(Data extract)
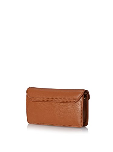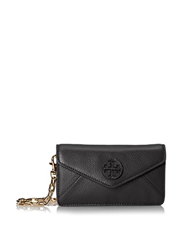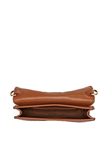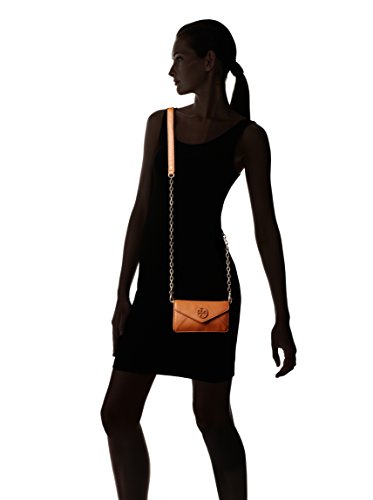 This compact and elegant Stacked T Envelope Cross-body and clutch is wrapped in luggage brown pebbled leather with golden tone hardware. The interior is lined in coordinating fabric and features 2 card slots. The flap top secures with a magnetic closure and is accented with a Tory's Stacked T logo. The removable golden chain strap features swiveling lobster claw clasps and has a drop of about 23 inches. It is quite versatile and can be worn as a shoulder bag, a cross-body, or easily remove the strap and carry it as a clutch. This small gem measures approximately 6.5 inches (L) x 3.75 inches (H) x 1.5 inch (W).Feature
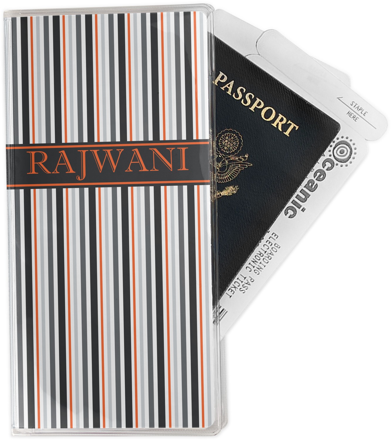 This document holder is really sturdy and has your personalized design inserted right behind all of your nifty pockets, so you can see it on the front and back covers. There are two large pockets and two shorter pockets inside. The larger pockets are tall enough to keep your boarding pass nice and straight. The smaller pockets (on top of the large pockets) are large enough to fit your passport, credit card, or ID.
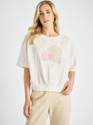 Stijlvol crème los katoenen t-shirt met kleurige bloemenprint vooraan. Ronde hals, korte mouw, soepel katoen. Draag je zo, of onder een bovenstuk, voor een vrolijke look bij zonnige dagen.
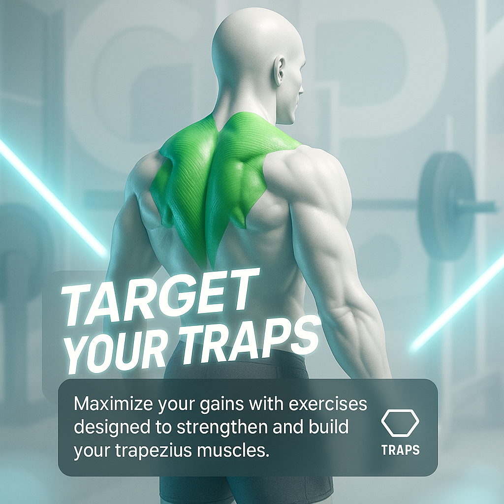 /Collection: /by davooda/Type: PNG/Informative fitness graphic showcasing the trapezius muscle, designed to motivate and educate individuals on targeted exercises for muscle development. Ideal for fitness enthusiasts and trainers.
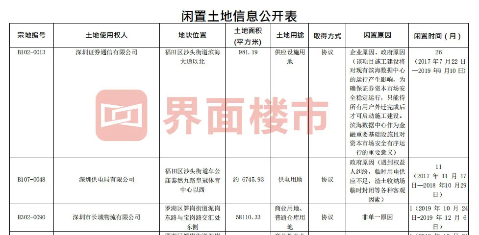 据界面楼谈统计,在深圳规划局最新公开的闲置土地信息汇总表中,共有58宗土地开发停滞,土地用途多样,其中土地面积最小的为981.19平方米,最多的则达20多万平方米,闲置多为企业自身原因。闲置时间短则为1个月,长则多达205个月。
(End Data extract)
Task statement: Could you copy out every record exactly, minus the pictures?

Finished exercise:
 This compact and elegant Stacked T Envelope Cross-body and clutch is wrapped in luggage brown pebbled leather with golden tone hardware. The interior is lined in coordinating fabric and features 2 card slots. The flap top secures with a magnetic closure and is accented with a Tory's Stacked T logo. The removable golden chain strap features swiveling lobster claw clasps and has a drop of about 23 inches. It is quite versatile and can be worn as a shoulder bag, a cross-body, or easily remove the strap and carry it as a clutch. This small gem measures approximately 6.5 inches (L) x 3.75 inches (H) x 1.5 inch (W).Feature
 This document holder is really sturdy and has your personalized design inserted right behind all of your nifty pockets, so you can see it on the front and back covers. There are two large pockets and two shorter pockets inside. The larger pockets are tall enough to keep your boarding pass nice and straight. The smaller pockets (on top of the large pockets) are large enough to fit your passport, credit card, or ID.
 Stijlvol crème los katoenen t-shirt met kleurige bloemenprint vooraan. Ronde hals, korte mouw, soepel katoen. Draag je zo, of onder een bovenstuk, voor een vrolijke look bij zonnige dagen.
 /Collection: /by davooda/Type: PNG/Informative fitness graphic showcasing the trapezius muscle, designed to motivate and educate individuals on targeted exercises for muscle development. Ideal for fitness enthusiasts and trainers.
 据界面楼谈统计,在深圳规划局最新公开的闲置土地信息汇总表中,共有58宗土地开发停滞,土地用途多样,其中土地面积最小的为981.19平方米,最多的则达20多万平方米,闲置多为企业自身原因。闲置时间短则为1个月,长则多达205个月。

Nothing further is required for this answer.